Mammalian innate immunity to viral infection is critically dependent on a successful type I IFN response (49). The early IFN response involves initial recognition of virus within infected cells by activation of host pattern recognition receptors (PRRs) by pathogen-associated molecular patterns (PAMPs) such as viral RNA (60). The two major types of host PRRs that recognize viral RNA in the cytoplasm of nonplasmacytoid dendritic cells (non-pDCs) are the cytosolic retinoic acid-inducible gene-like receptors (RLRs) and membrane-bound Toll-like receptors (TLRs). Studies using knockout (KO) mice indicate that RLRs, but not the TLR system, are required for the antiviral IFN response in most cell types, including fibroblasts, epithelial cells, and conventional dendritic cells (40, 49, 54, 60, 61). RLRs respond to virus infection by signaling through the mitochondrial antiviral signaling adaptor (MAVS, also known as IPS-1/VISA/Cardif), which results in activation of host transcription factors, including interferon regulatory factor 3 (IRF3) and NF-κB, that orchestrate an early IFN-independent transcriptional program (40, 54, 61). Transcripts synthesized during this phase, including those encoding IFN-β and other antiviral proteins such as p54, p56, and p15, characterize the early antiviral state (49).
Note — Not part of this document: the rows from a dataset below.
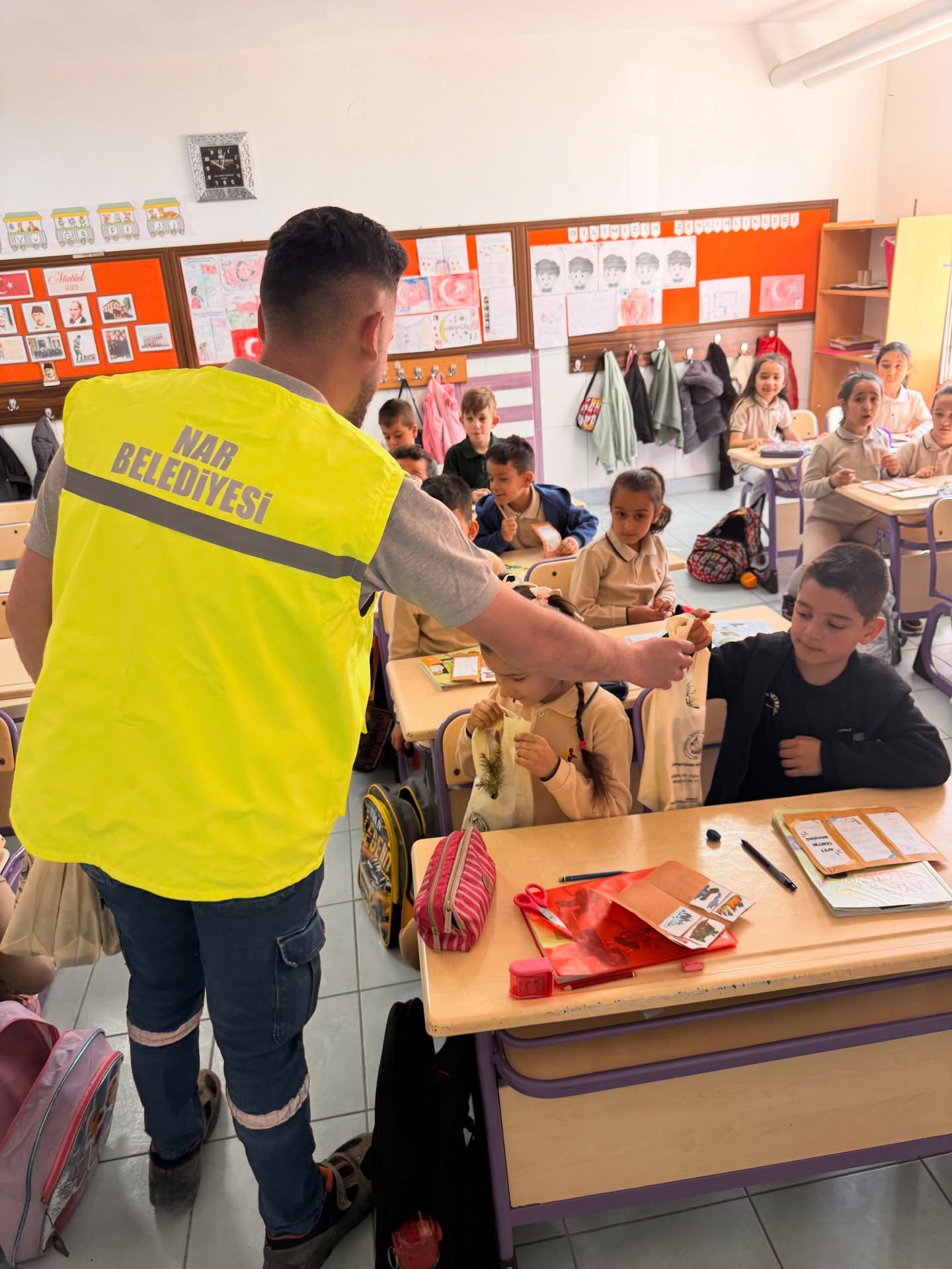 Nevşehir'in merkez ilçeye bağlı Nar kasabasında çevre bilinci ve doğa sevgisini artırmaya yönelik anlamlı bir etkinlik gerçekleştirildi. Nar Belediyesi öncülüğünde düzenlenen program kapsamında, kasabadaki okullarda öğrencilere fidan dağıtımı yapıldı.
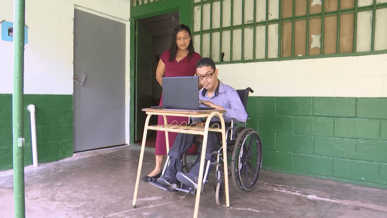 Ello no habría sido posible sino fuera por la ayuda de su madre, quien lo acompaña todos los días al salón de clases y toma notas para que el joven pueda repasar las lecciones y aprender cada día más.
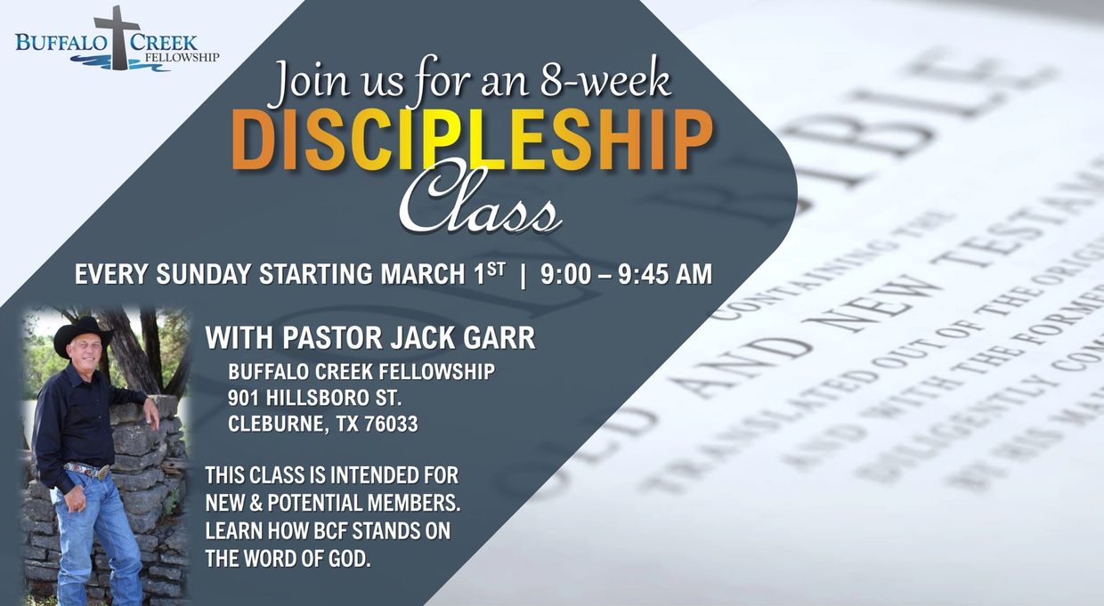 This class is intended for new members and potential members. Come and learn how Buffalo Creek Fellowship stands on the Word of God.
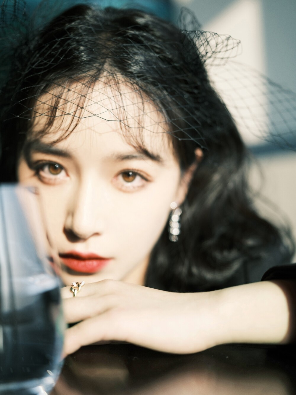 浅浅的瞳色又为她的眼神带来了一层朦胧感:
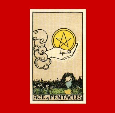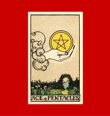 Nesse sentido o Ás de Ouros é a matéria pura e divina. Concentra em si todo o potencial de desenvolvimento material. É o símbolo da abundância e da prosperidade no seu sentido mais físico, também está relacionada ao conforto que os bens materiais podem gerar. É a promessa material de algo que ainda está sendo plantado.
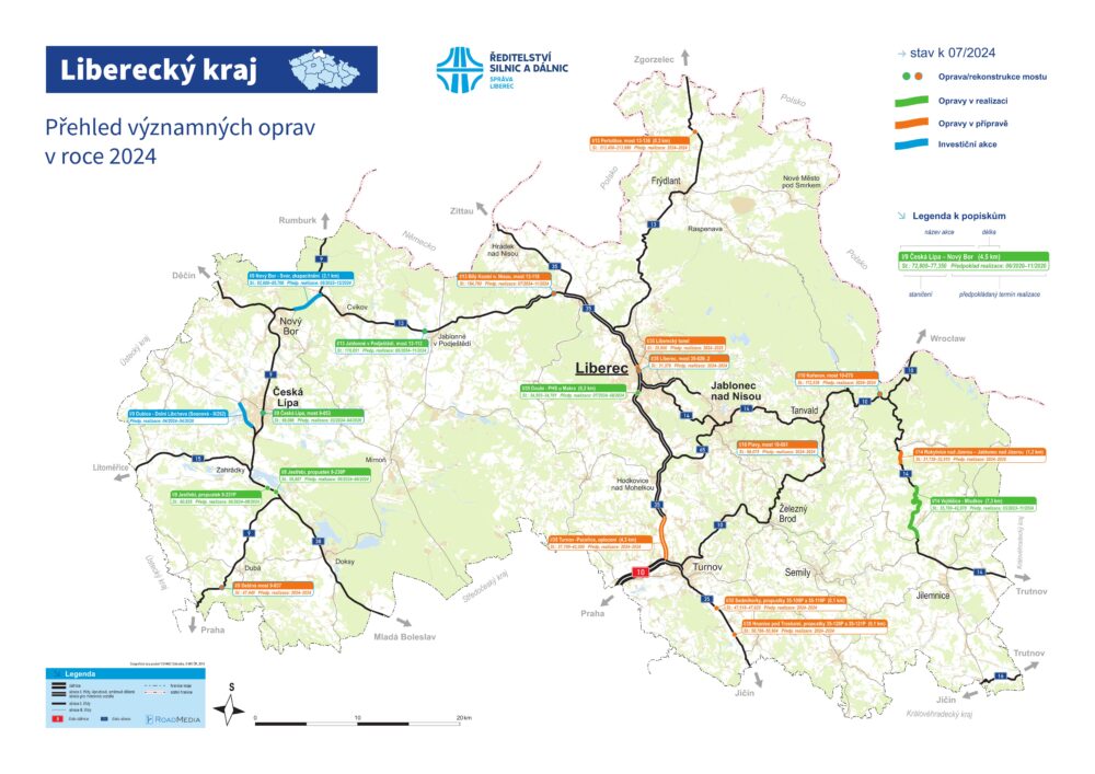 Přinášíme aktualizovaný přehled významných oprav a staveb v Libereckém kraji. Aktuálně probíhá 8 akcí a 11 je v přípravě. Na začátku července jsme zahájili výstavbu nové protihlukové stěny v Liberci a zprovoznili jsme stavbu na sil. I/9 mezi Cvikovem a Novým Borem.

Interferons, synthesized and secreted from infected cells, in turn direct amplification of the response and transcription of a broader range of antiviral genes in both an autocrine and paracrine manner, leading to establishment of the antiviral state (49). The two best characterized RLRs—RIG-I (retinoic acid-inducible gene I) and MDA-5 (melanoma differentiation-associated gene-5)—are cytoplasmic RNA helicases belonging to the DEXD/H box family, and each responds to distinct viral ligands (7, 31, 37–39, 44, 47, 51, 63). RNA viruses can be sensed by RIG-I (hepatitis C virus, Sendai virus, influenza virus, vesicular stomatitis virus, Newcastle disease virus, rabies virus, reovirus, and Japanese encephalitis virus), by MDA-5 (picornaviruses), or by both RIG-I and MDA-5 (dengue virus and West Nile virus) (7, 60). Other studies using purified RNA ligands, including viral genomic dsRNA (38), have demonstrated that RIG-I primarily recognizes short dsRNA and phosphate present as 5′-triphosphate moieties or monophosphates on the 5′ or 3′ ends of short dsRNA, whereas MDA-5 mainly recognizes longer dsRNA and higher-order structures formed by RNA (46).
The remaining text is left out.